* [WHAT IS NEEDED]
Using the data that follows, output only the lines from the line with "Panel (Set of 2)" up to and including the line with "Un intreccio dinamico", exactly, leaving pictures aside.

* [RECORDED INFORMATION]
= = = = =

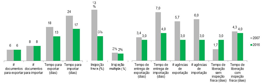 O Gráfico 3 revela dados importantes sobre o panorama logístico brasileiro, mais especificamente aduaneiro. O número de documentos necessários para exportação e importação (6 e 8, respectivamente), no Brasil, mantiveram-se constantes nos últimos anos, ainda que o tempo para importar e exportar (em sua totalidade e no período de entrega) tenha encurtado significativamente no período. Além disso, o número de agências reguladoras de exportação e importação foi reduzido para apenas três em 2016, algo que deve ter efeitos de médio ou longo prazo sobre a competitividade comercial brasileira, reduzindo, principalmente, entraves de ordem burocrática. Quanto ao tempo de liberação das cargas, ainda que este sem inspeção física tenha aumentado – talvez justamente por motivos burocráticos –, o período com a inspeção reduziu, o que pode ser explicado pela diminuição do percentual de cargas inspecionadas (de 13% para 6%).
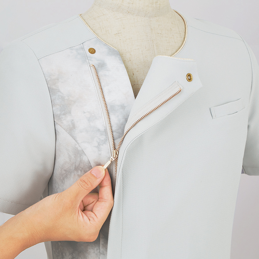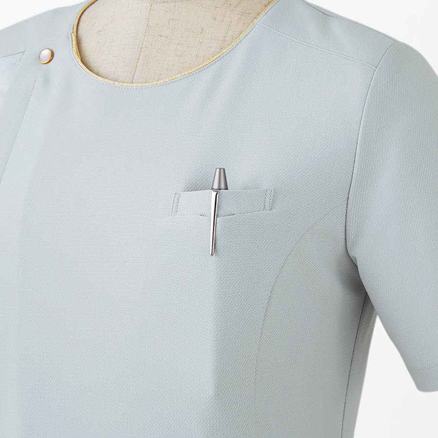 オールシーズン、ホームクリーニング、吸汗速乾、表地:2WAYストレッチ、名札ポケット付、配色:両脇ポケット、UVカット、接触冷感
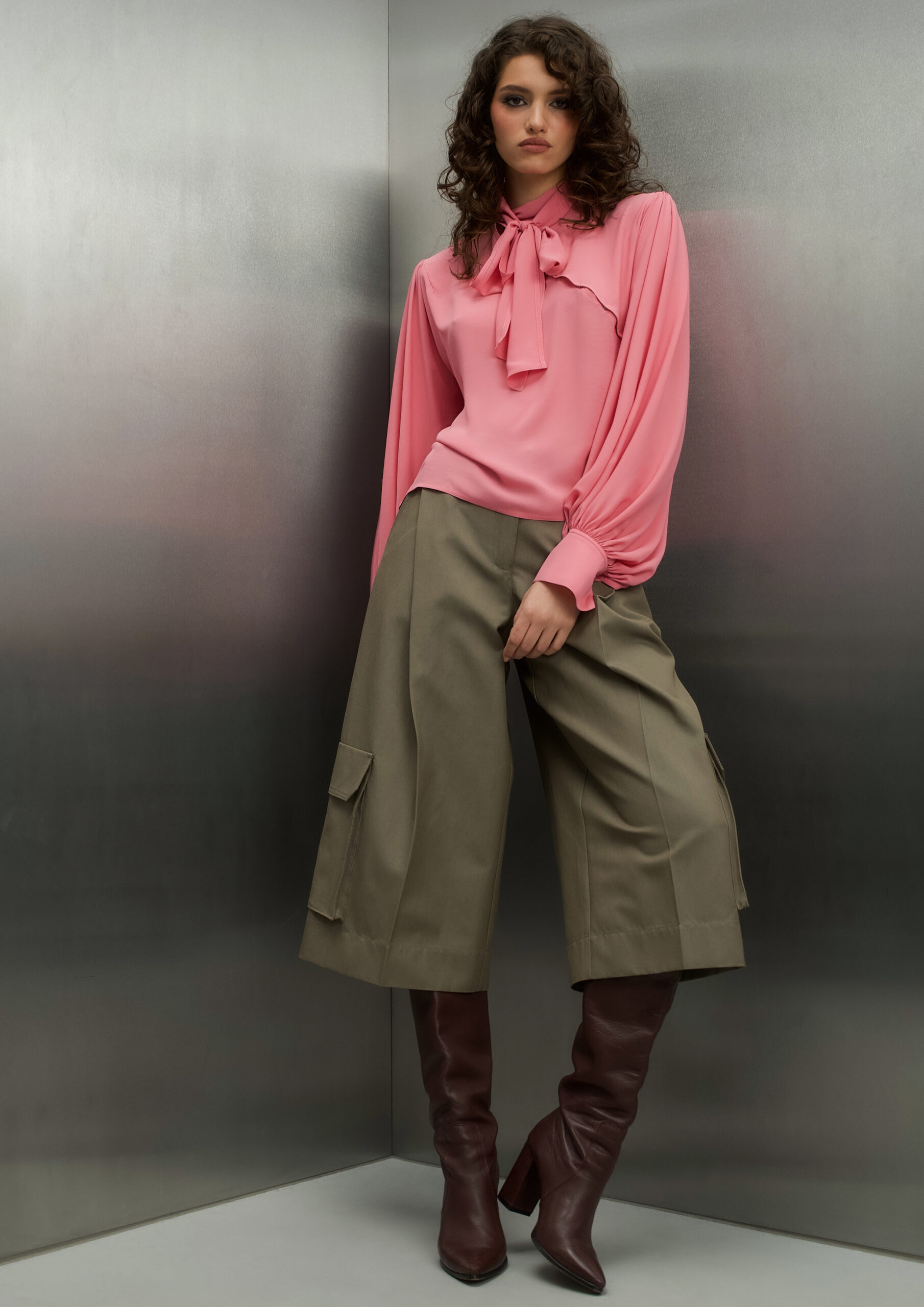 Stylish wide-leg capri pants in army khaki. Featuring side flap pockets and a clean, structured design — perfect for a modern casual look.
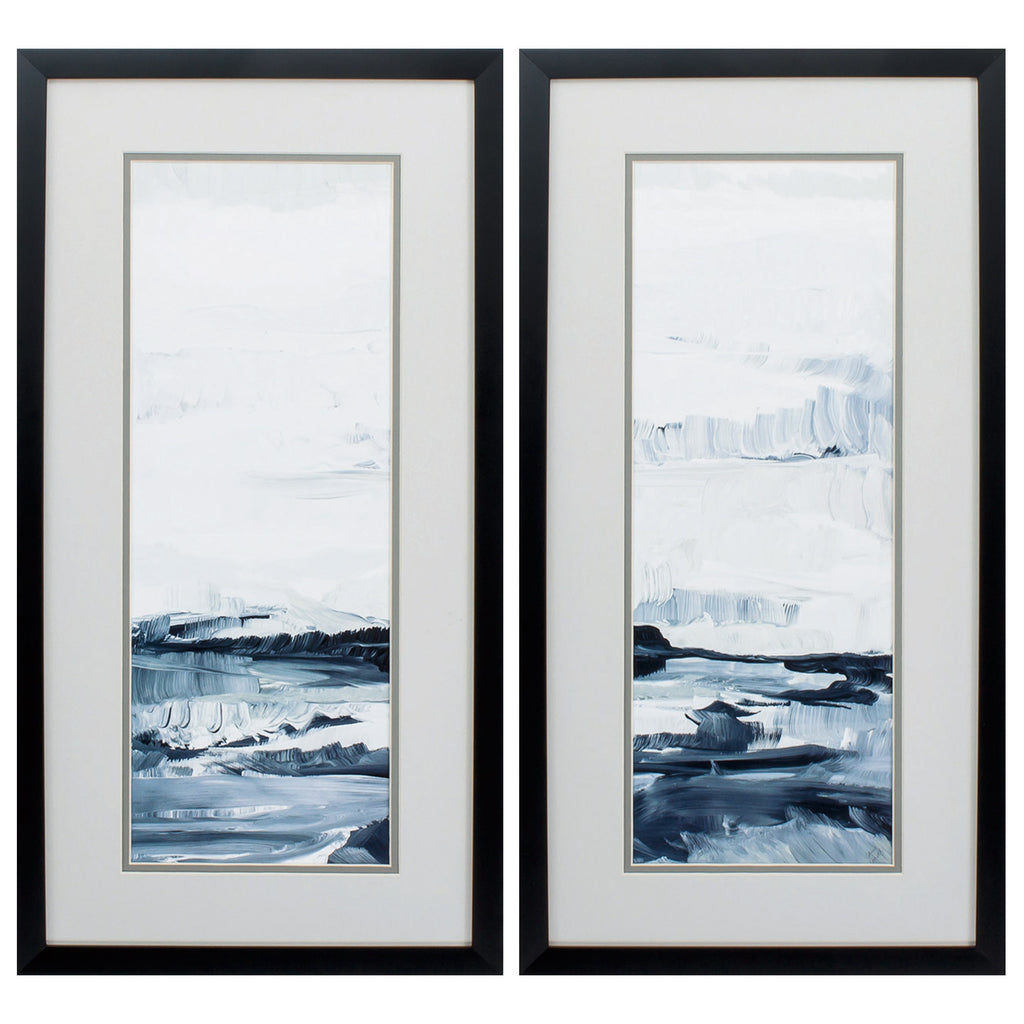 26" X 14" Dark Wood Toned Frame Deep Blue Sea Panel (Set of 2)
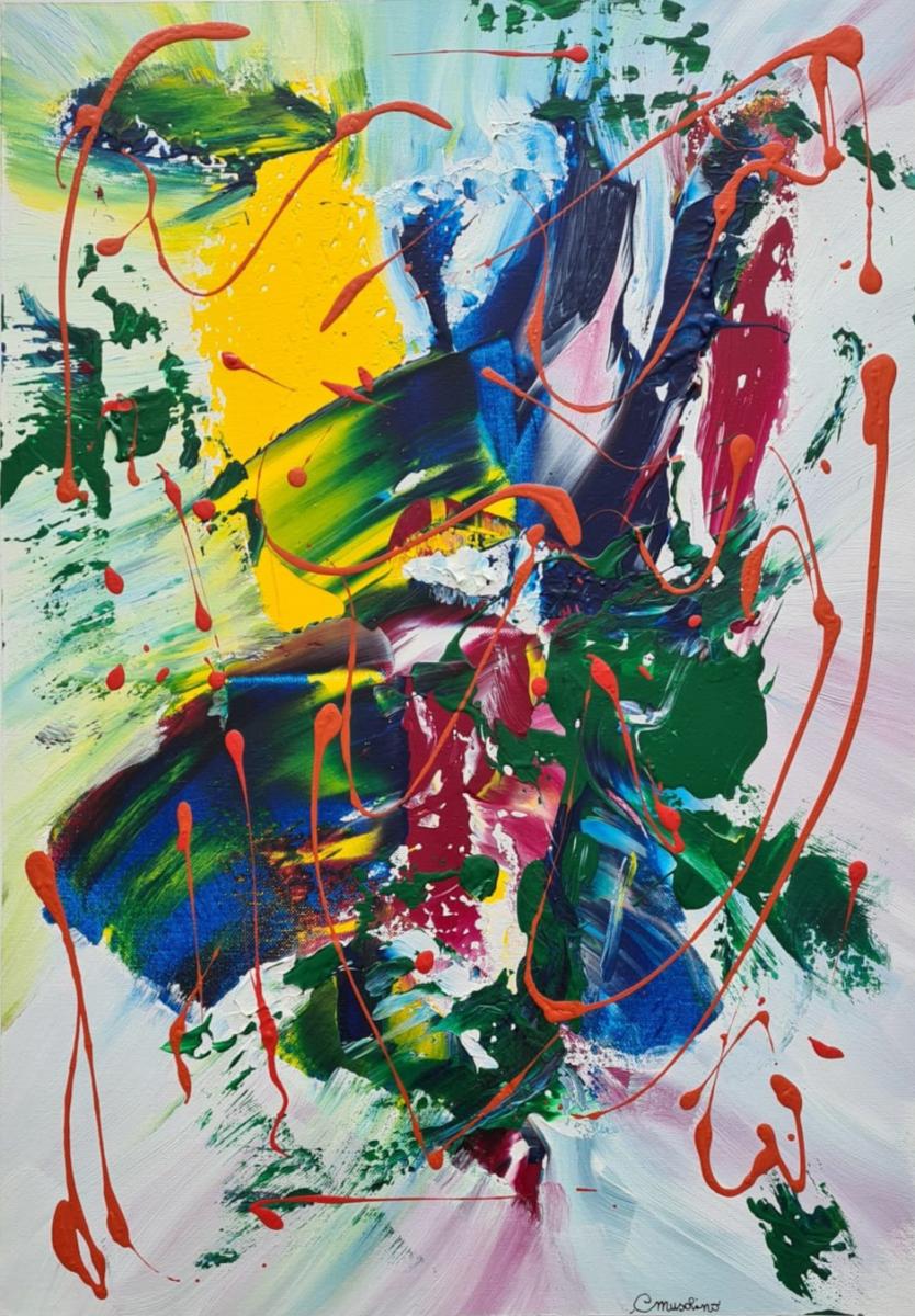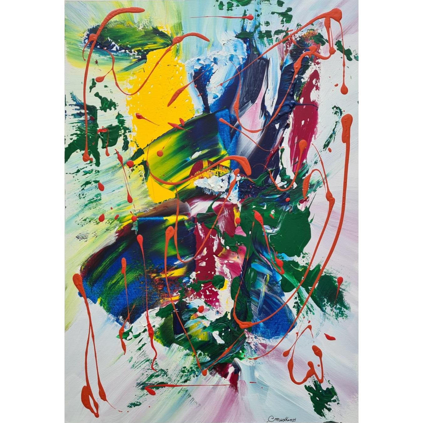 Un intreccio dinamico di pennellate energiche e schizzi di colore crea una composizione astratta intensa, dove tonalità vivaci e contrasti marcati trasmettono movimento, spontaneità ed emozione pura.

= = = = =

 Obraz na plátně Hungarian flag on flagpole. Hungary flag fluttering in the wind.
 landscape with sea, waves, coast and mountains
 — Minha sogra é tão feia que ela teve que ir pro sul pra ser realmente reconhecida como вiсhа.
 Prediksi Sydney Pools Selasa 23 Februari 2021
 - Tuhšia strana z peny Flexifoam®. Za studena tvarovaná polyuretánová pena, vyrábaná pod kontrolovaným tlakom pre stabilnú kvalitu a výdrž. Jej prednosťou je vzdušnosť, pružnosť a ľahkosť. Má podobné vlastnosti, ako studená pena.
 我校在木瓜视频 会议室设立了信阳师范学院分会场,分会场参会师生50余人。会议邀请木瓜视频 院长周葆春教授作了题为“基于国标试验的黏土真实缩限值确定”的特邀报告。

= = = = =

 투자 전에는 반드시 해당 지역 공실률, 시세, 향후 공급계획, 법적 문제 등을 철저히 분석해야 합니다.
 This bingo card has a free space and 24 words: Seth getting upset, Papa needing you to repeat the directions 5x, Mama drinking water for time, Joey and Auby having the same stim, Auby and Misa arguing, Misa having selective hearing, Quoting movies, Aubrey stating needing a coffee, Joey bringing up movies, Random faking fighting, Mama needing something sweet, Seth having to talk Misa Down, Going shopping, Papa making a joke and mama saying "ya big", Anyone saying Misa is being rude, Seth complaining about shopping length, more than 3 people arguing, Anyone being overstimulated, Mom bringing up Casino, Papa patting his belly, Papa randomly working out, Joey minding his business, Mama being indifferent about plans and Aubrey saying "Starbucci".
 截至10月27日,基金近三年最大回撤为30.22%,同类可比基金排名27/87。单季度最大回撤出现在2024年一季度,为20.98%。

= = = = =

* [WRITTEN ANSWER]
 26" X 14" Dark Wood Toned Frame Deep Blue Sea Panel (Set of 2)
 Un intreccio dinamico di pennellate energiche e schizzi di colore crea una composizione astratta intensa, dove tonalità vivaci e contrasti marcati trasmettono movimento, spontaneità ed emozione pura.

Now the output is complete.